SayToWords transcription dashboard — metrics overview
SayToWords transcription dashboard — transcript view

2. Testing Setup

For this run, I used the following configuration (all values are taken from the precomputed metadata and result.json):
  • Date of run: 2026‑02‑26 (derived from processing timestamps)
  • Scenario: English interview (test-transcripts/bill-interview)
  • Language: English
  • Audio duration:
    • audioDurationSeconds = 653.2934375
    • 10.89 minutes of material
  • Processing time:
    • sttProcessingTimeSeconds = 85.476
    • 1.42 minutes end‑to‑end decoding time
  • Model / mode:
    • whisper-model: BASE
    • saytowords-mode: base
Recording conditions, microphone type, and speech density are not explicitly documented in the metadata, so they are left out rather than guessed. All alignment and scoring were completed before this report was generated; the numbers below are read directly from test-transcripts/bill-interview/result.json.

3. Evaluation Methodology

Both the human transcript (ref.vtt) and the model output (model.vtt) are stored in WebVTT format.
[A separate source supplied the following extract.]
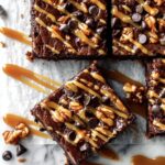 - Poke Holes and Add Caramel: Using the back of a chopstick or small wooden spoon, poke holes all over the brownies. Pour 1/2 cup caramel sauce over top and spread into holes with a spatula. Refrigerate for 1 hour or freeze for 30 minutes to set caramel.

The evaluation pipeline first extracts plain text from these files, aligns the reference and hypothesis, and then computes error metrics.
Word Error Rate (WER)
After tokenizing into word sequences, we count:
  • (S): substitutions
  • (D): deletions
  • (I): insertions
  • (N): number of reference words
The word error rate is:
[ \text{WER} = \frac{S + D + I}{N} ]
Word‑level accuracy is then:
[ \text{Accuracy} = 1 - \text{WER} ]
Character Error Rate (CER)
At character level, whitespace is stripped and a Levenshtein edit distance is computed:
  • Character edit distance: total insertions, deletions, substitutions
  • Total characters: number of reference characters (without spaces)
[ \text{CER} = \frac{\text{Character edit distance}}{\text{Total characters}} ]
Real‑Time Factor (RTF)
Throughput is measured with the real‑time factor:
[ \text{RTF} = \frac{\text{Processing Time}}{\text{Audio Duration}} ]
Here, processing time comes from the difference between processtime-at and completed-at in other.yaml, and audio duration is taken from audio-duration in the same file.
Implementation notes
  • All metrics are computed via transcript alignment between reference and hypothesis.
  • Edit distances (word‑ and character‑level) use a high‑performance Levenshtein implementation.
  • The alignment engine runs on a C++‑optimized backend.
  • Time complexity of alignment is O(nm) for sequences of length (n) and (m).
  • All values in result.json are deterministic and reproducible: given the same inputs, the scorer always produces the same numbers.

4. Model Overview

Only one model configuration was evaluated in this run:
  • Whisper BASE (saytowords-mode: base)
    A general‑purpose speech‑to‑text model with moderate capacity, designed for multi‑accent English and long‑form audio. In this benchmark, it is used as‑is (no fine‑tuning, no manual correction) to show raw behavior on a real interview.
Future comparisons could add smaller or larger Whisper variants and non‑Whisper systems, but this post focuses on characterizing this single baseline.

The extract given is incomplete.